La méthode d’Anne Lalanne, aussi appelée « atelier de groupe », accorde un rôle important à l’adulte. Celui-ci organise le débat et garantit le respect de ses règles. Il pose des questions en répartissant la parole. Il fait progresser la réflexion en reformulant les idées et en retraçant leur cheminement. L’objectif est d’apprendre aux enfants à philosopher selon trois directions : la technique du débat, les valeurs démocratiques et les exigences intellectuelles de la philosophie (conceptualisation, problématisation et argumentation).

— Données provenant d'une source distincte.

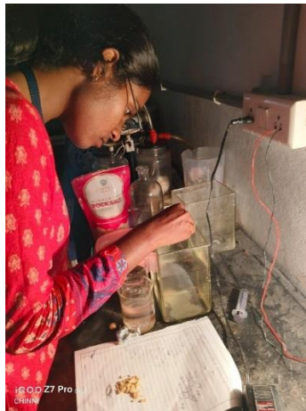
Figure 26: Feeding to artemia nauplii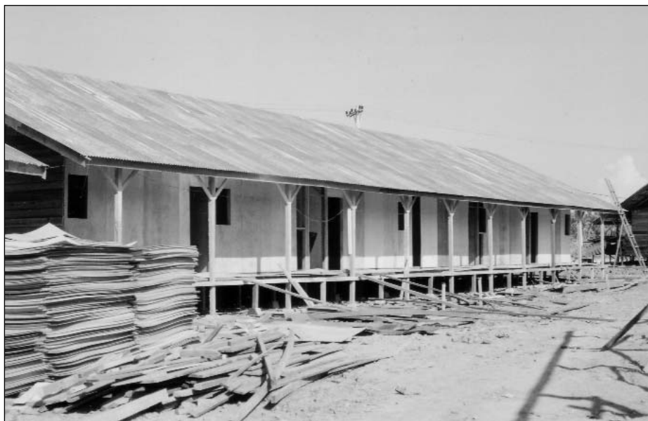
Top-down planning: barrack-style shelters, Lambaro, Aceh Besar, February 2005.

According to HRW and HRF, at least a third of people displaced by the tsunami were living in spontaneous camps in early February, while others were staying in public buildings or with friends or relatives. The government promised a monthly allowance for people living with host families, but no clear commitment had emerged to support those who chose to return to their places of origin immediately. The organisations raised concerns that the government was registering displaced people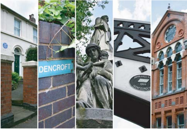
Abstracts from the Sturge city trail.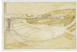
Title: St Martins Lower Town I Date: 1951 Medium: Pencil and Oil on Hardboard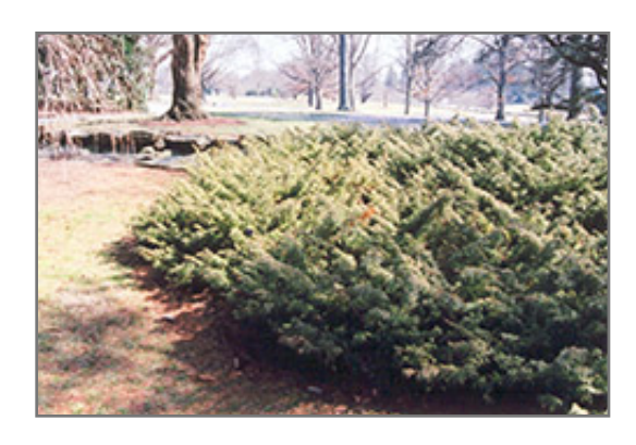
Prostrate Common Juniper

A broadly arching attractive evergreen groundcover shrub with sharp green needles all season long, good winter color; extremely adaptable to poor soils and dry locations, very hardy; makes an excellent massed groundcover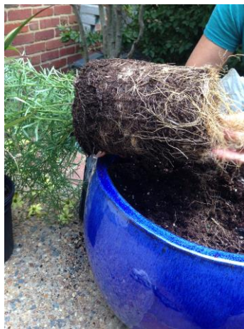
Gently loosening excess roots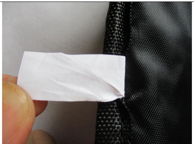
Sew label view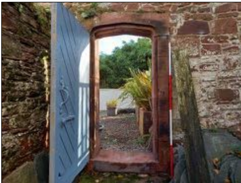
Plate 92: Detail of doorway to garden from the ancillary buildings (Scale = 2m)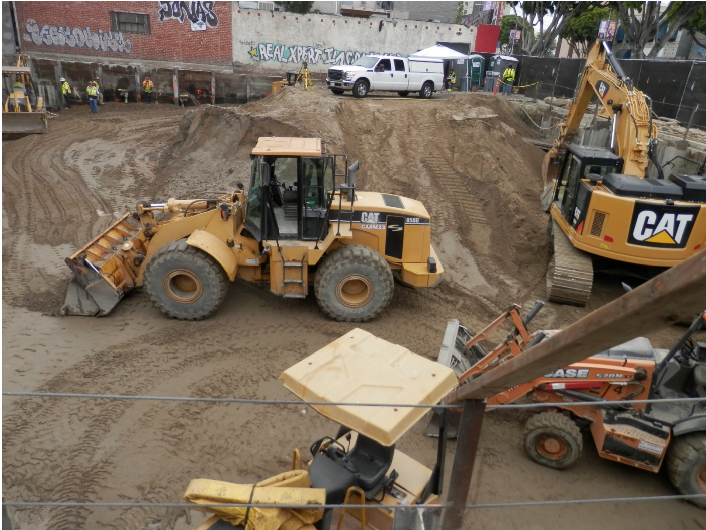
Located at 519 E 7 th St. View from just inside the construction fence on 7 th St.

Atelier philo Lévine – Agsas

L’approche conçue par Jacques Lévine et le groupe Agsas s’appuie sur la psychanalyse. Le thème est introduit sous la forme d’une question ou d’un mot (grandir, le rêve, la peur…). Pendant dix minutes, les enfants échangent entre eux et la séance est filmée ou enregistrée. L’enseignant n’intervient pas. Puis les dix minutes suivantes, ils écoutent ou visionnent l’enregistrement et l’enseignant accompagne leurs réactions.

Dispositif Delsol

Le processus imaginé par Alain Delsol scinde le groupe d’élèves en deux. Des enfants interviennent, tandis que d’autres observent leur comportement et leur prise de parole. Ils peuvent endosser des responsabilités dans l’animation du débat : le « président » gère les échanges, le « reformulateur » reprend à sa manière les propos, le « synthétiseur » fait régulièrement le point des questions et des arguments. L’adulte, lui, canalise la parole des enfants.

Diane Galbaud

Un secteur éditorial en plein boom

Les éditeurs n’ont pas attendu la création de la chaire de philosophie pour enfants de l’Unesco. Les Petits Platon, maison d’édition indépendante, propose des albums philosophiques pour enfants depuis 2009, et rencontre un succès international, avec de nombreuses traductions : en anglais, danois, allemand, turc, chinois, portugais du Brésil… Les pensées de Socrate, Pascal, Kant, Lao-Tseu, etc. sont racontées sous forme de fictions joliment illustrées, accessibles dès 9 ans. Une nouvelle collection vient aussi de voir le jour, les « Tout petits Platon », pour les enfants de maternelle. Le premier titre, Pourquoi les choses ont un nom permettra ainsi de se demander pourquoi un cheval s’appelle un cheval, et pas une girafe, ou une carabistouille… Dans un esprit proche, les éditions Milan ont lancé la collection « Les goûters philo » (à partir de 8 ans), pour aborder des notions comme la religion, la démocratie ou la liberté. D’autres livres sont parus récemment pour aider les adultes à philosopher avec les enfants. Signalons ceux d’Edwige Chirouter (Ateliers de philosophie à partir d’albums de jeunesse, Hachette, 2016), Michel Tozzi et Marie Gilbert (Ateliers philo à la maison, Eyrolles, 2016), Frédéric Lenoir (Philosopher, méditer avec les enfants, Albin Michel, 2016), ou encore Patrick Tharrault (Pratiquer le débat philo à l’école, Retz, 2016).